You have been drawn in Group E with Lebanon, Korea DPR and Saudi Arabia. How do you expect those games to unfold?
A: None of those are easy teams since they’ve all made it to the finals. Our first game will be against Lebanon and usually the opening matches are tough as each side is trying to avoid defeat. But we’ll insist on going for all three points because that’s the key to further progress. In the second game, we’ll be up against Korea DPR, a team with an east-Asian football style and we have an idea about how to play against them. The third game will be against Saudi Arabia, who featured at the World Cup last summer and acquired considerable experience. comes and play the 90 minutes of every match with a view to qualifying. Then we’ll see what we do in the subsequent rounds.
This will be your first major tournament with the senior national team. What are your personal ambitions?
I’m definitely excited about wearing the Qatar shirt and experiencing this great honour. From day one, I dreamed about taking part in tournaments like this. I remember being a supporter of the team during the 2011 finals in Qatar. Eight years later, my dream is coming true. I hope I can meet the expectations of the fans and give them the happiness they deserve. I’m not interested in personal accolades. I’m completely focused on serving my team so we can all achieve our ultimate goal of raising Qatar’s football profile.
You have impressed this season with both the national team and Al Sadd. Do you feel any personal pressure and do you expect the other teams to single you out?
I’ve reached this level thanks to hard work and perseverance with both club and national team. But the credit mainly goes to the support of my teammates and how we’ve implemented the coach’s instructions, as well as our teamwork and belief that the team must always come first. So, personally, I don’t fear pressure, and if there’s pressure I’ll turn it into a positive. If I find myself under man-to-man pressure, that won’t be a big deal as I’m not the only player in the team. My teammates are capable of compensating for that in their own positions. We know the coach has effective solutions to all these tactical issues. I’m fully convinced that no single player in the world can do the job of a whole team. Football is a game of teamwork.
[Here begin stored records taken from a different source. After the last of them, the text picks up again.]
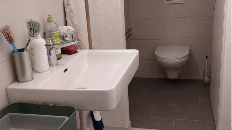 Das Atelier befindet sich etwas versteckt, nach hinten versetzt im Keller eines Wohnhauses. Trotzdem sind die Räume hell.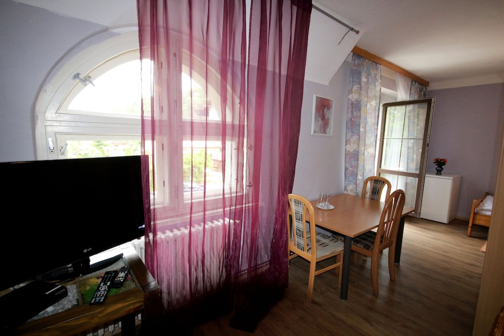 Die Rezeption ist nur zu bestimmten Zeiten besetzt. Vor Ort gibt es Folgendes: Parken ohne Service (kostenlos). Genieße die den schönen Ausblick von folgenden Punkten: Terrasse und Garten. Außerdem kannst du kostenloses WLAN nutzen. Auch ein Picknickbereich und Grillmöglichkeiten werden angeboten. Nutz den Zimmerservice (bitte Zeiten beachten) dieses Hotels. Gegen Gebühr wird täglich von 08:00 Uhr bis 10:00 Uhr ein Frühstücksbuffet angeboten.- Aufpreis für das Frühstücksbuffet: ca. 125 CZK für Erwachsene und ca. 125 CZK für Kinder
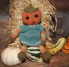 This is a pattern for a little pumpkin head person. It is worked in the round as much as possible. The pieces are worked separately and then joined. The sample shows domed buttons for eyes and an embroidered nose.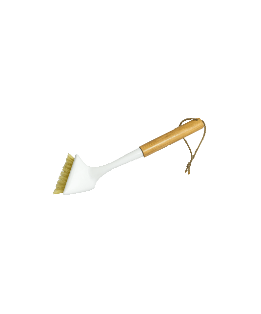 Doğal ahşap sap, ergonomik yapısı sayesinde elde rahat bir tutuş sağlarken mutfaklara şık bir görünüm kazandırır. Dayanıklı ve sert kıl yapısı, inatçı kirleri yüzeye zarar vermeden etkili şekilde temizler. Askı ipi detayı, kullanım sonrası kolay saklama ve hijyenik kurutma imkânı sunar.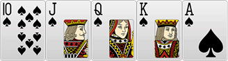 - 5장의 카드가 모두 무늬가 같으며, 10, J, Q, K, A 인 경우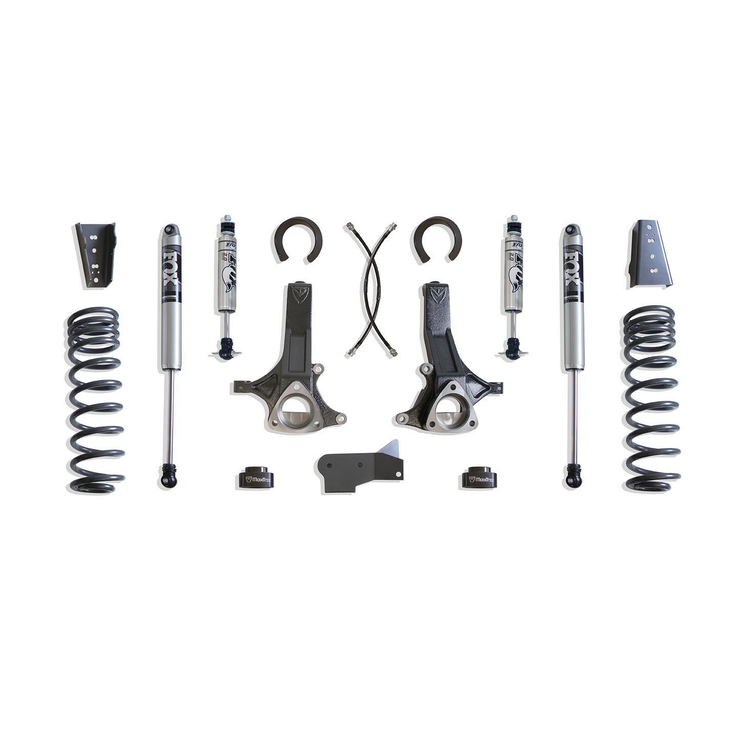 MAX TRAC SUSPENSION'S KIT# K882465F IS A COMPLETE 6.5" LIFT KIT INCLUDING FRONT SPACERS, SPINDLES, EXTENDED BRAKE LINES, REAR COILS, SPACERS, TRAC BAR BRACKET, SWAY BAR BRACKETS & FRONT/REAR FOX 2.0 PERFORMANCE SERIES SHOCKS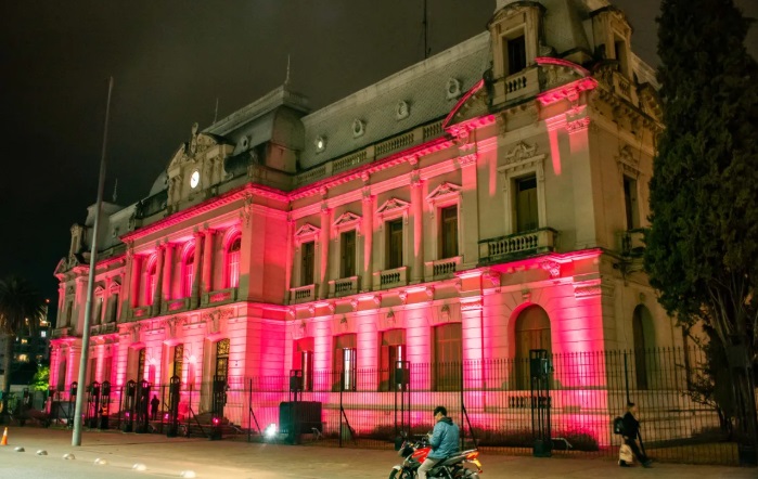 El tradicional edificio jujeño fue iluminado desde esta noche en alusión a la campaña de lucha contra el cáncer de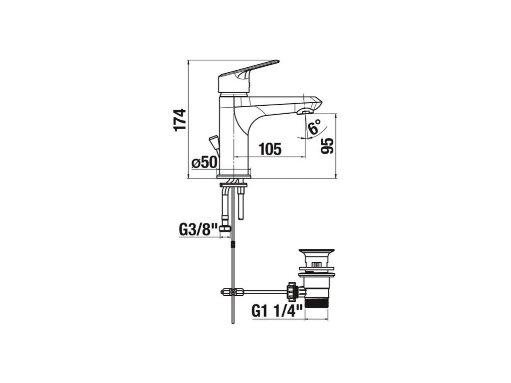 UMYVADLOVÁ STOJÁNKOVÁ BATERIE S PLASTOVOU VÝPUSTÍ, PRŮTOK 5 L/MIN, CHROM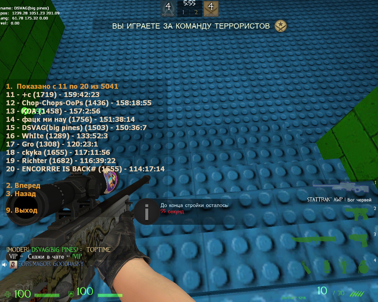 1) Прописываем команду toptime в чат на сервере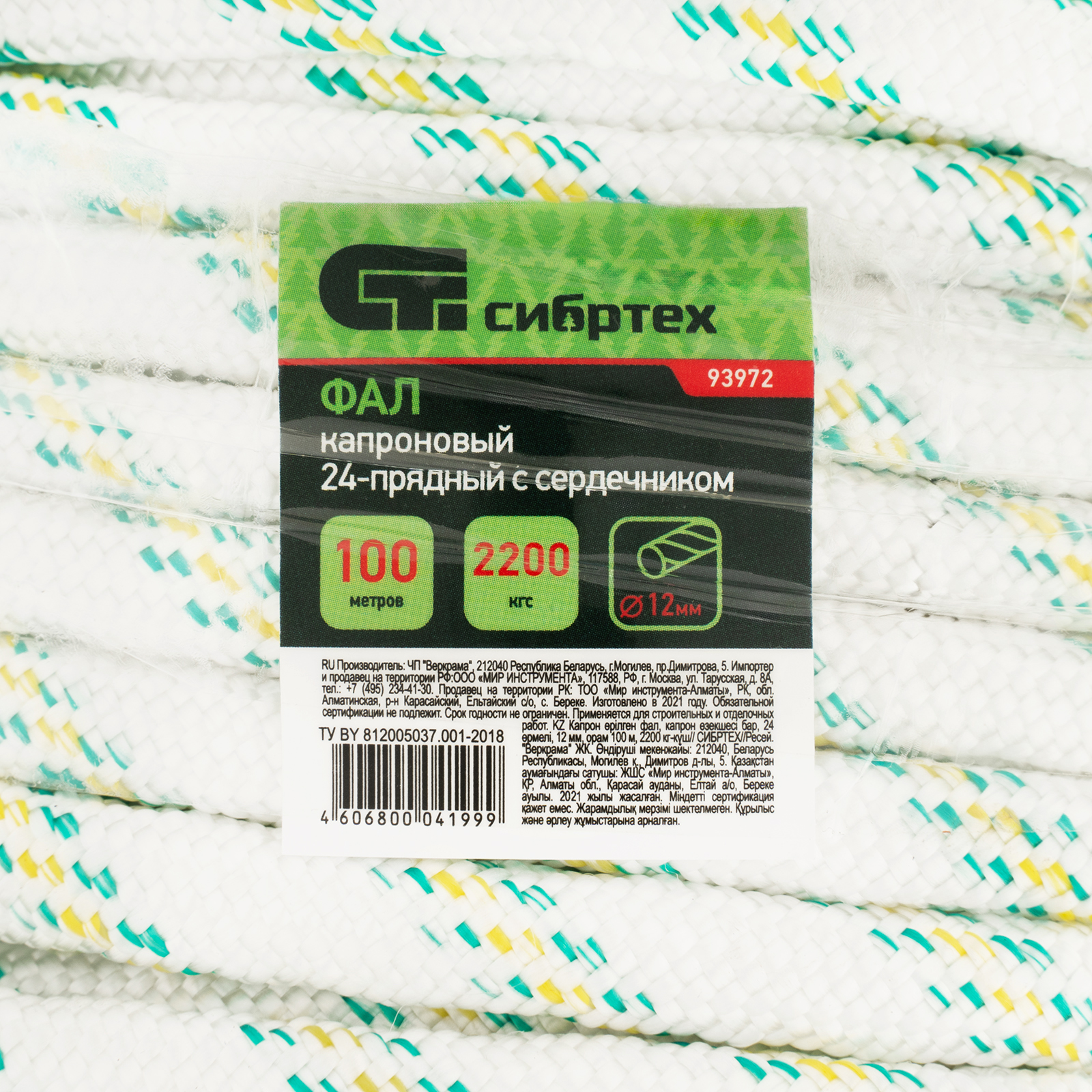 Плетеный капроновый фал Сибртех 93972 с сердечником, 24-прядный, длиной 100 м и диаметром 12 мм, используется для подъема и закрепления грузов, установки различных конструкций. Востребован в сельском хозяйстве, строительстве, нефтяной промышленности, на транспорте, в спорте, рыболовстве. Также применяется в ходе спасательных работ. Шнур имеет полиамидный сердечник, обладает высокой упругостью и выдерживает разрывную нагрузку 2200 кгс.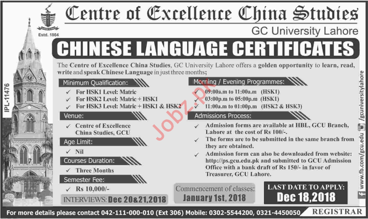 GC University Lahore Admissions Chinese Language Certificate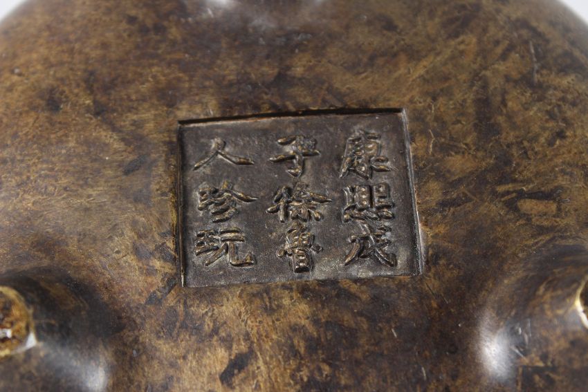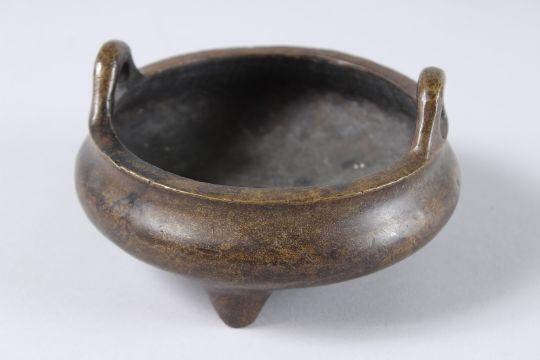 A CHINESE TWO HANDLED BRONZE CENSER, six impressed marks.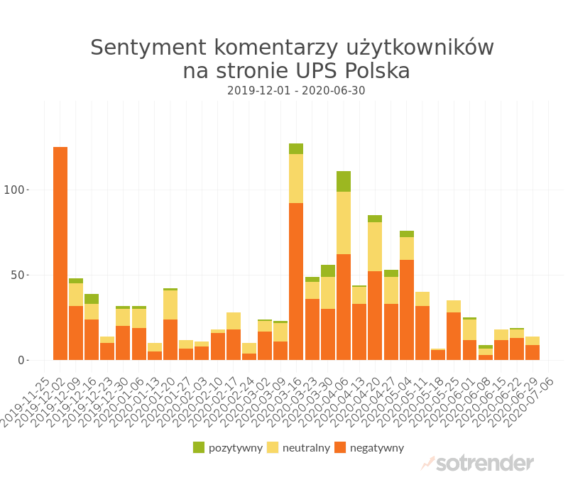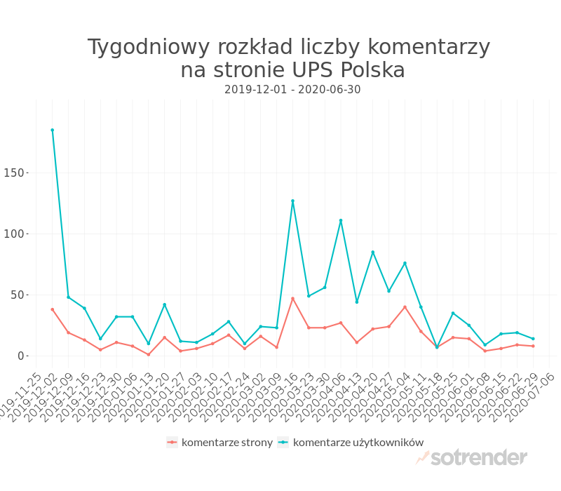 Aktywność użytkowników pod postami publikowanymi przez UPS Polska nie odbiega znacząco od naszych oczekiwań – w pierwszej połowie grudnia, a więc w okresie przedświątecznej gorączki i częstszego zamawiania prezentów czy dekoracji, użytkownicy publikowali najwięcej komentarzy. Kolejny znaczący wzrost liczby komentarzy odnotowaliśmy na stronie w marcu, zaraz po wprowadzeniu stanu epidemii. Użytkownicy zostawiali na stronie wiele komentarzy również w kolejnych miesiącach, wzrosty w liczbie komentarzy w poszczególnych tygodniach są widoczne aż do połowy maja.
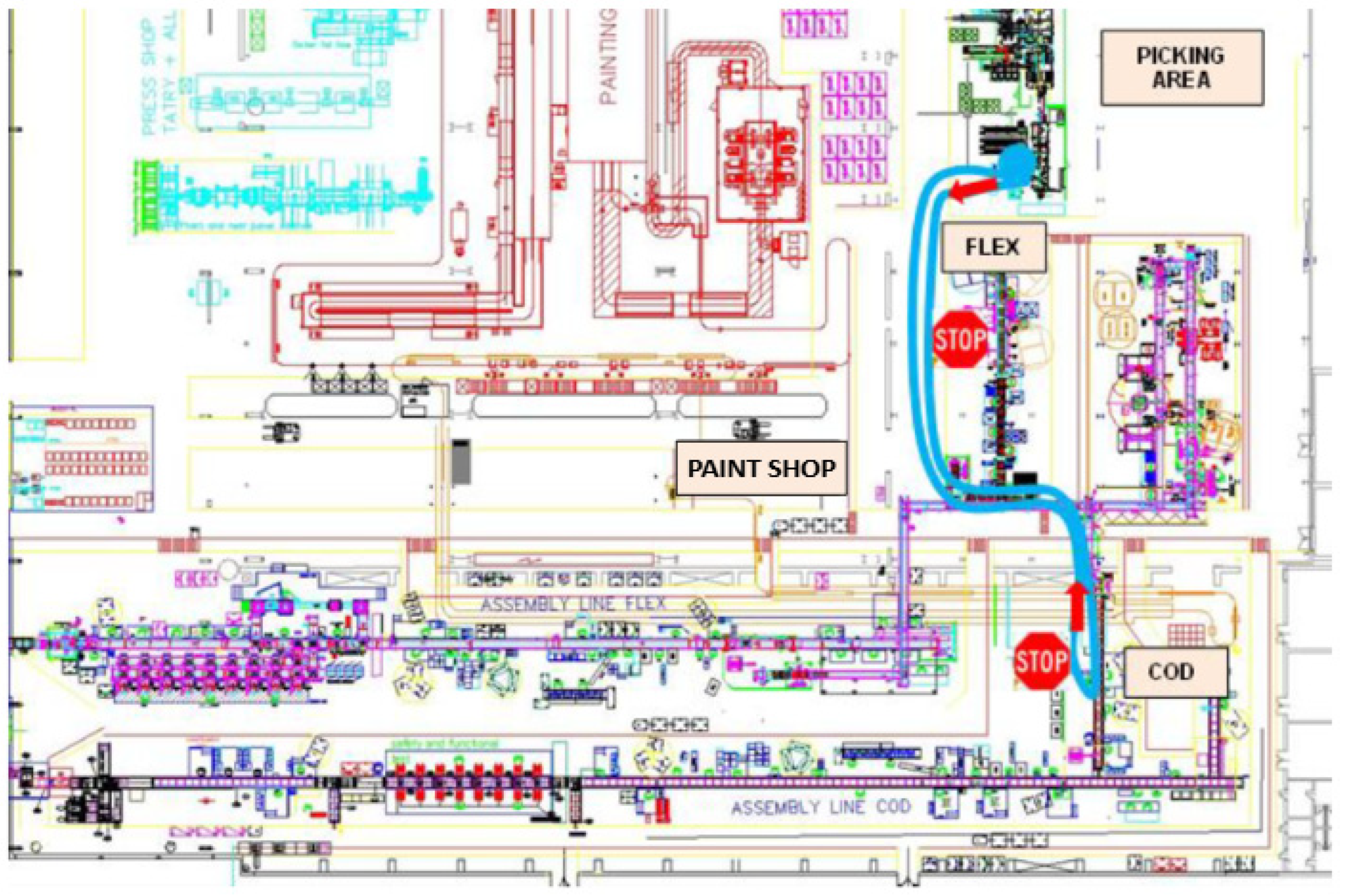 Figure 1 is a company layout where we have shown the route for the Front Weight component from the Picking Area to the COD and FLEX line.

You made history when you became the first Qatari to play in La Liga. How would you describe that experience?
After the U-20 World Cup in 2015, I received an offer from Eupen in Belgium. I had the ambition of playing in Europe because that’s the normal route for development. I think I did well there, scoring eight goals in 26 appearances. The following season, I received an offer from Villarreal in Spain. I couldn’t have turned down that opportunity. I moved there and started a new experience in my career. Everyone knows what La Liga means. For me, every training session there was a new lesson. I was then loaned to Sporting Gijon, and I had a chance to feature in games. I was then loaned to Eupen again last season and after that, I received an offer from Al Sadd. I’m happy with what I’m doing here this season. I hope I’ll be able to help the club regain the league title and other trophies, especially after we missed out on the Champions League title. I’m still a Villarreal player, and I’ll see how things develop at the end of the season.
The national team is preparing for the 2022 World Cup. How do you see the next stage developing?
We’re all very enthusiastic, and everyone wants to have the honour of playing in this historic World Cup for the Qataris and every Arab. We know that the Qatari Football Association will organise a series of training camps and international games over the next four years to raise our level so that we’ll be fully ready. In the summer, we’ll participate in the 2019 Copa America. That’ll certainly be an exciting experience. Playing against historic teams and on Brazilian pitches will give us global experience, and from that point we’ll build for the future.